**WHAT IS EXPECTED:** Transcribe all of the data exactly. Images stay out.

**DATA:**
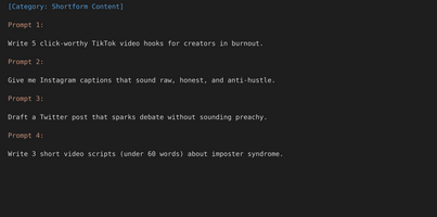 - Categorized layout: Shortform, Longform, Visuals, Engagement
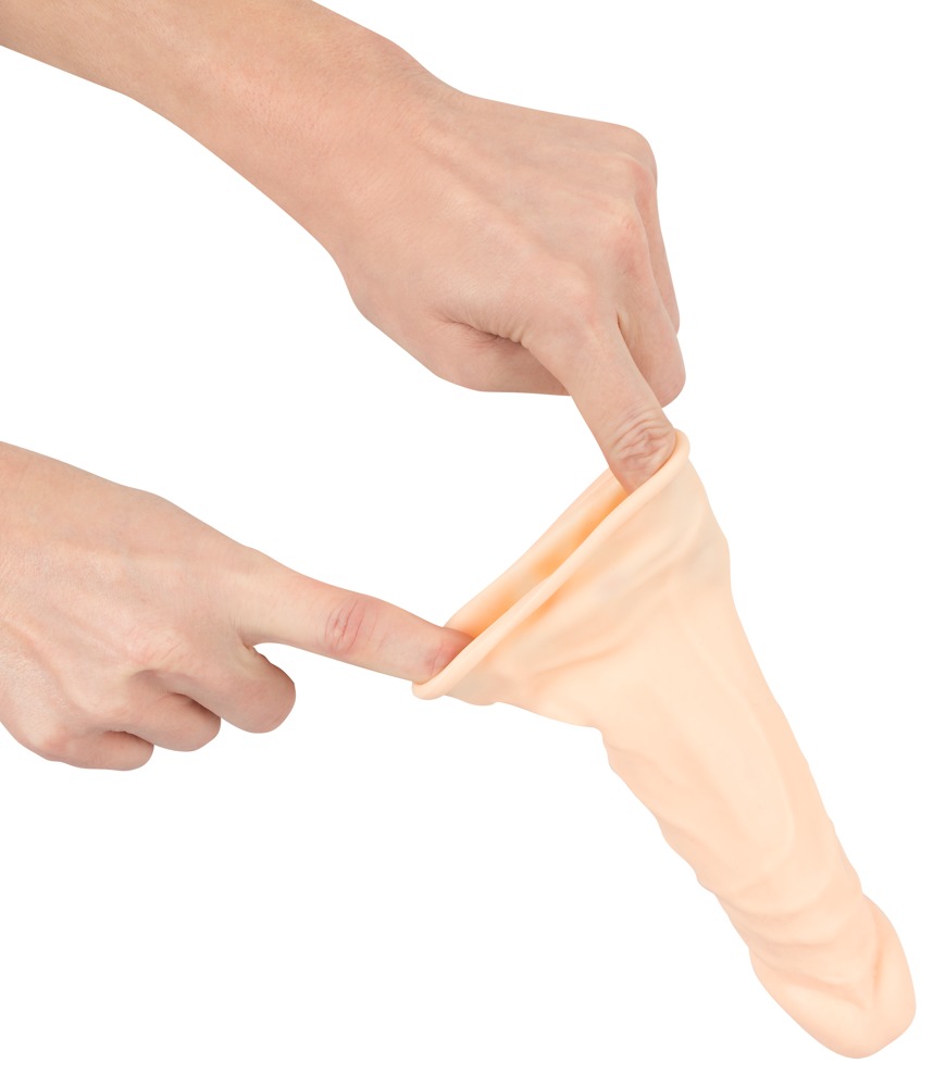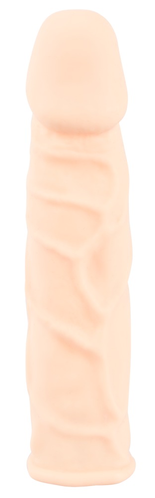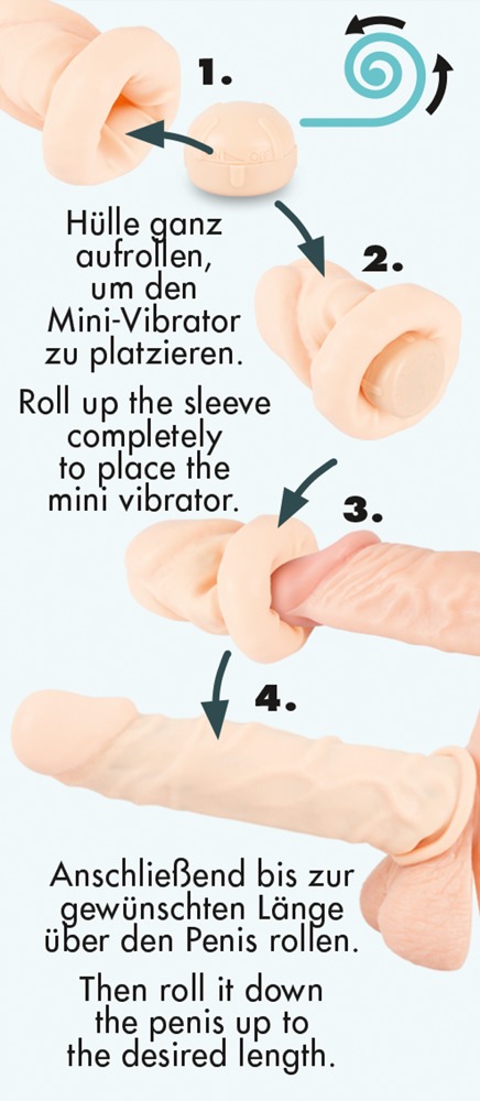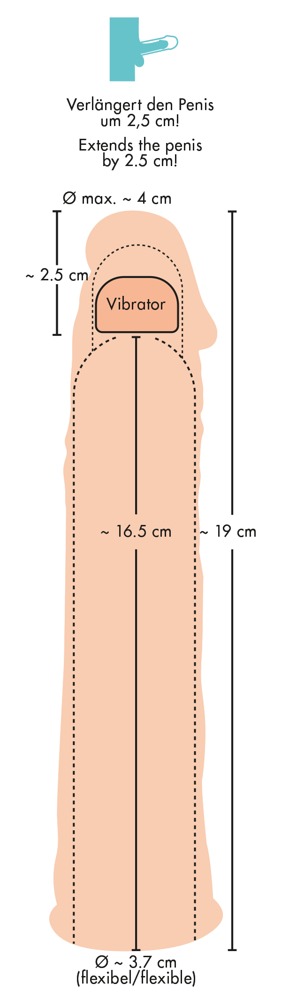 Pokrowiec na penisa wykonany z super miękkiego materiału i z bezstopniowo regulowanymi wibracjami. Wydłuża penisa o 2,6 cm i stymuluje partnera i użytkownika penisa zmysłowymi wibracjami. Z wyraźnymi żołędziami i żyłkami - jedwabiście gładkie w środku. Rękaw jest przyjemnie elastyczny i elastyczny. Baterie w zestawie (2x2 CR2032).
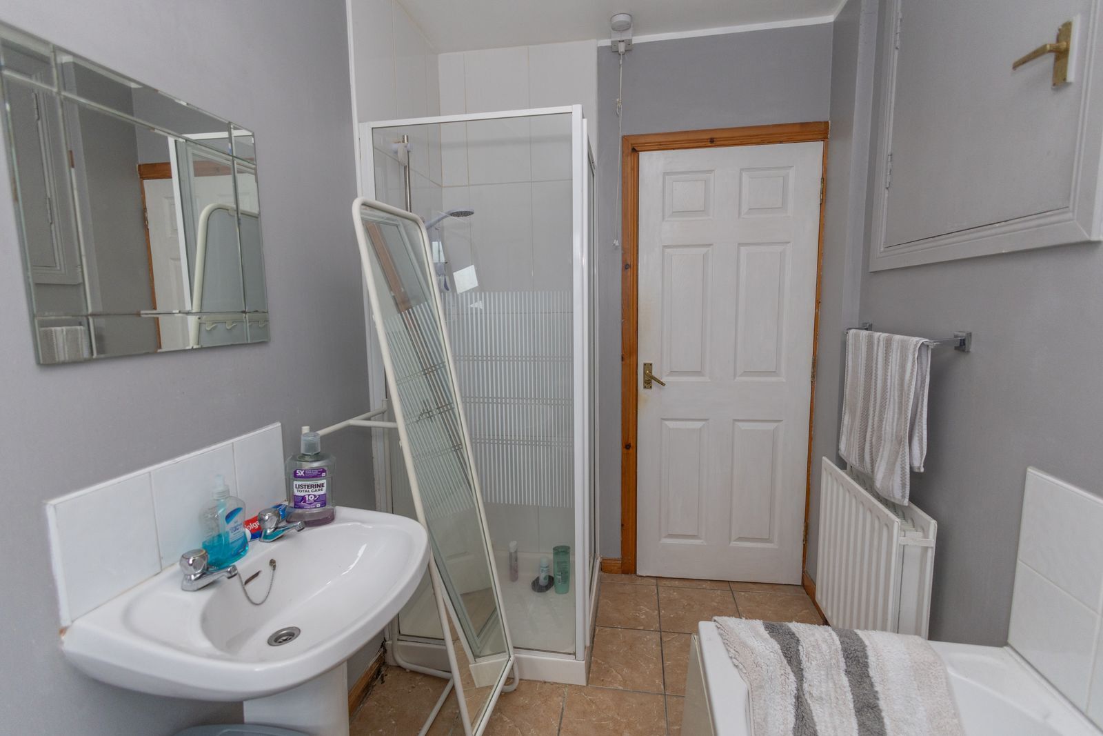 3 piece bathroom suite with walk-in electric shower, Tiled flooring and partially tiled walls.

**SOLVED EXERCISE:**
 - Categorized layout: Shortform, Longform, Visuals, Engagement
 Pokrowiec na penisa wykonany z super miękkiego materiału i z bezstopniowo regulowanymi wibracjami. Wydłuża penisa o 2,6 cm i stymuluje partnera i użytkownika penisa zmysłowymi wibracjami. Z wyraźnymi żołędziami i żyłkami - jedwabiście gładkie w środku. Rękaw jest przyjemnie elastyczny i elastyczny. Baterie w zestawie (2x2 CR2032).
 3 piece bathroom suite with walk-in electric shower, Tiled flooring and partially tiled walls.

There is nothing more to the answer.